5) Stellan Skarsgård
If it wasn’t annoying enough to have Jane Foster demoted from a registered nurse to storm chaser, the 2013 film Thor: The Dark World also co-starred Stellan Skarsgård as her sidekick Dr. Erik Selvig, who spends much of his time either running naked among the standing stones of Stonehenge or in his whitey tighties as he tries to give a physics lessons to his fellow actors.

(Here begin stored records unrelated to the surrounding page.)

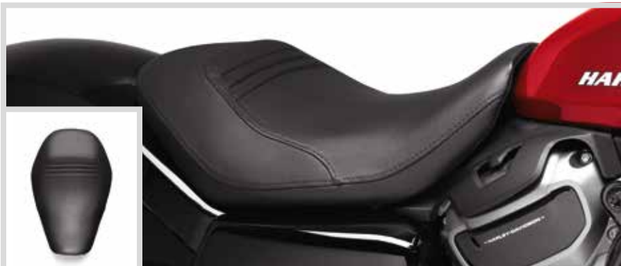
C. REACH SOLO SITZ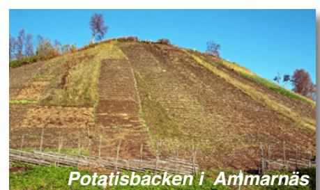
Potatisbacken i Ammarnäs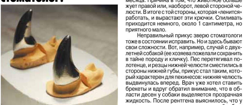
Коронки для собак, как и для людей, изготавливаются при помощи слепков челюсти.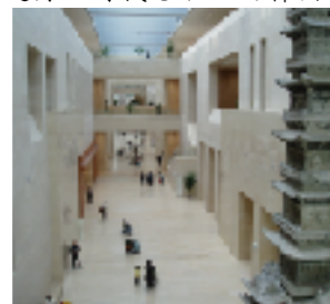
1F 左：考古館 右：歴史館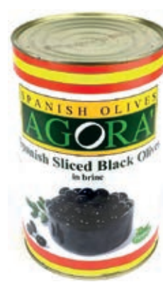
OLI530 OLIVE NERE RONDELLE LATTI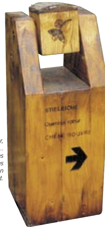
Observer, toucher, découvrir en jouant... Testez vos connaissances sur les stations didactiques du Sentier d'Exploration de la Forêt.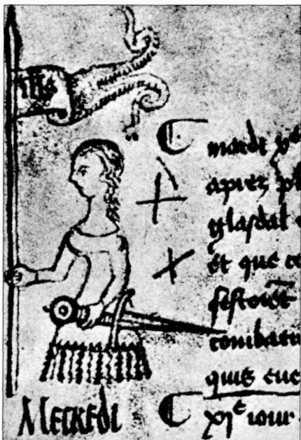
De oudste afbeelding van Jeanne d'Arc zoals geschetst door een klerk die noteerde dat Orléans was gevallen in 1429; afbeelding uit 1429. Uit: Marina Warner, Joan of Arc (2000) afb. 16.

dan als van dezelfde orde als de bijbelse kennis. 5 Een profetie kon ook verborgen kennis uit het heden openbaren, telepathische kennis over wat ver weg gebeurde of de geheime gedachten van een gesprekspartner. Het kon ook een toekomstvoorspelling betreffen.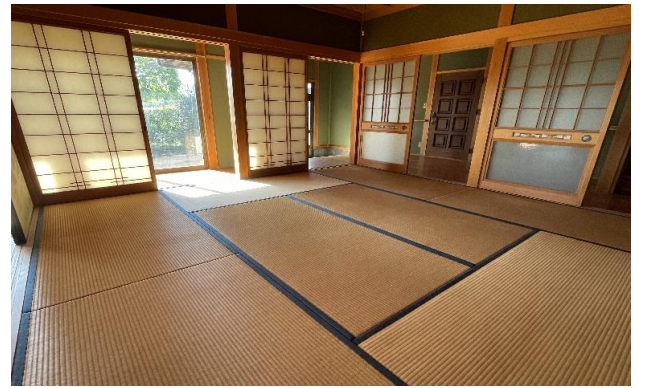
1F 和室 ⑤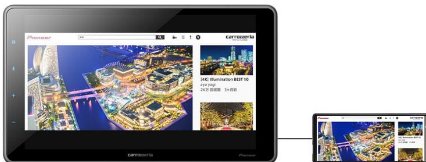
【カロッツェリア ディスプレイオーディオ「DMH-SF500」での WebLink Cast 使用イメージ】

「WebLink」のキャスト機能「WebLink Cast」を使用することで、接続したスマートフォンの画面を映し出すだけでなくディスプレイオーディオの画面上で操作が可能です。また、スマートフォンに保存されている音楽や動画ファイルにアクセスすることができます。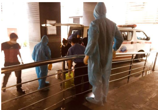
Cô họ của tác giả bài viết được đưa lên xe cấp cứu đến nơi cách ly tập trung

Sinh hoạt ở nơi cách ly nghe có vẻ cũng ổn, các bữa ăn được cung cấp đầy đủ, và rồi quãng thời gian cách ly cuối cùng cũng kết thúc ổn thỏa (hay đúng hơn là tôi nghĩ vậy!).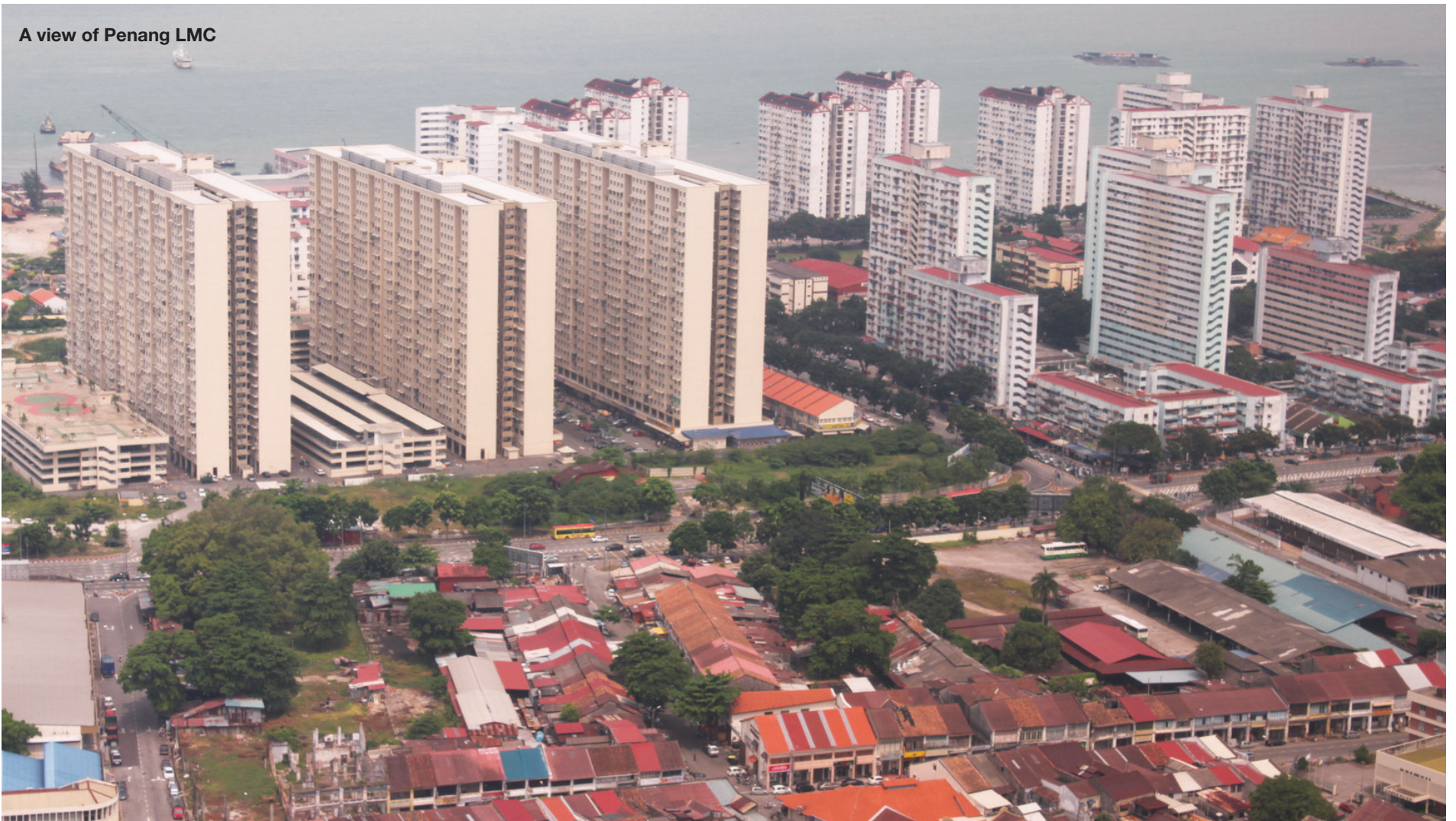
A view of Penang LMC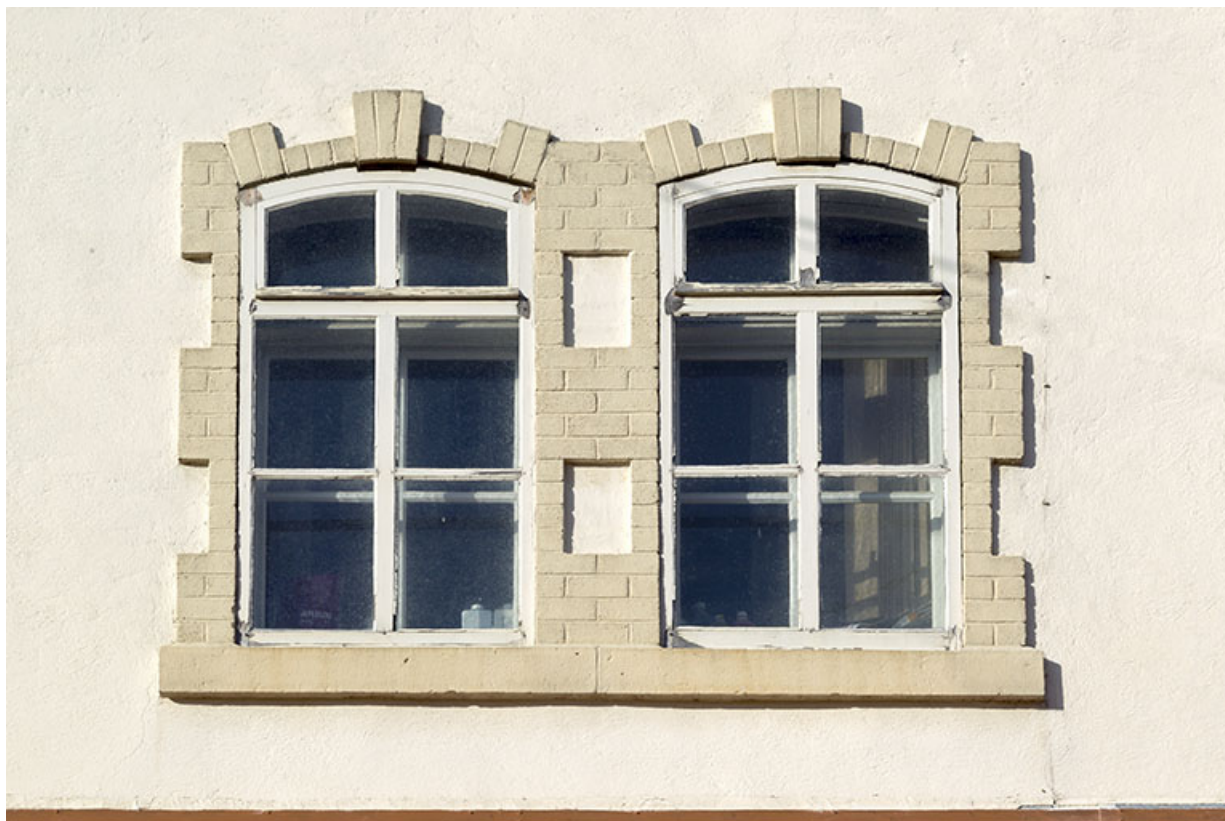
Façade latérale droite : fenêtres horlogère de l'étage carré.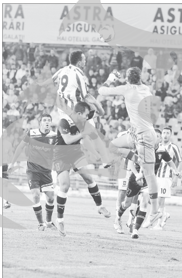
„Oțelarii” au un program accesibil în următoarele trei etape pentru a forța evadarea din zona incomodă a clasamentului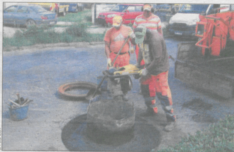
W trakcie wymiany włazu na ul. Kobylińskiej

Spółka komunalna wymienia włazy w ciągu dróg krajowych przechodzących przez Krotoszyn (zarówno w studniach kanalizacji deszczowej, jak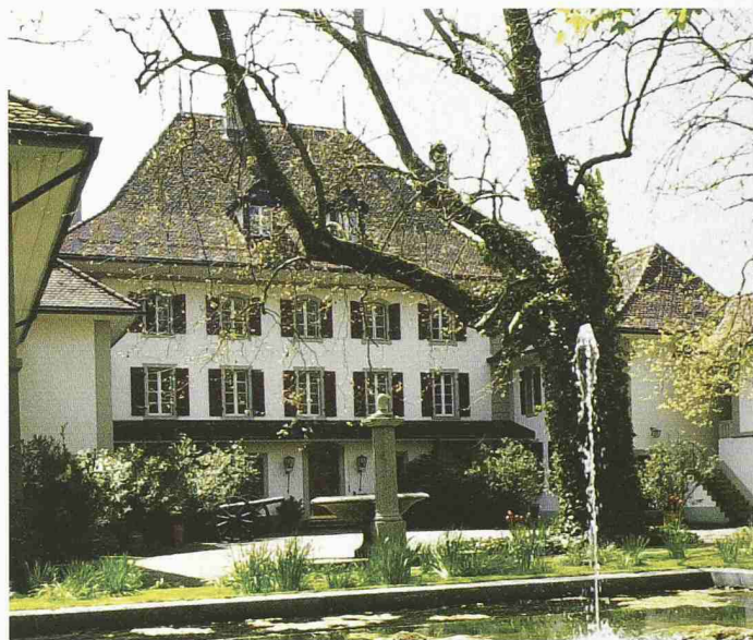
Im ruhigen Landsitz Gerzensee bei Bern bestimmte die Direktion die Schwerpunkte für das Jahr 2004

Creepy.
4) Una O’Connor
A thin-faced, hawk-nosed actress who specialized in maids, ladies in waiting, or nagging housewives, Una O’Connor’s most remembered roles were those she had in Bride of Frankenstein and The Invisible Man. A favorite of director James Whale (who knows why), she managed to drag down the otherwise classic Invisible Man, ruining Claude Rains’ portrayal of a man driven mad by the power of invisibility with her over-the-top antics.
3) Manuel Padilla, Jr.
Another child actor who practically destroyed such classic Tarzan film fare as Tarzan and the Valley of Gold and Great River. Cute but annoying (especially in conjunction with some animal like a chimpanzee or lion), Manuel Padilla, Jr. single-handedly managed to slow the evolution of the Tarzan franchise as it moved closer to the vision held by creator Edgar Rice Burroughs. What was producer Sy Weintraub thinking?
2) Smiley Burnette
Gad! Fans of Hollywood’s singing cowboys had to put up with a lot to follow the adventures of their favorite saddle tramps, but has any higher sacrifice ever been asked by viewers than to sit through bass-voiced utterances by Smiley Burnette, or “Froggy” as he was endearingly known by saddle pal Gene Autry in over 62 Saturday matinee oaters?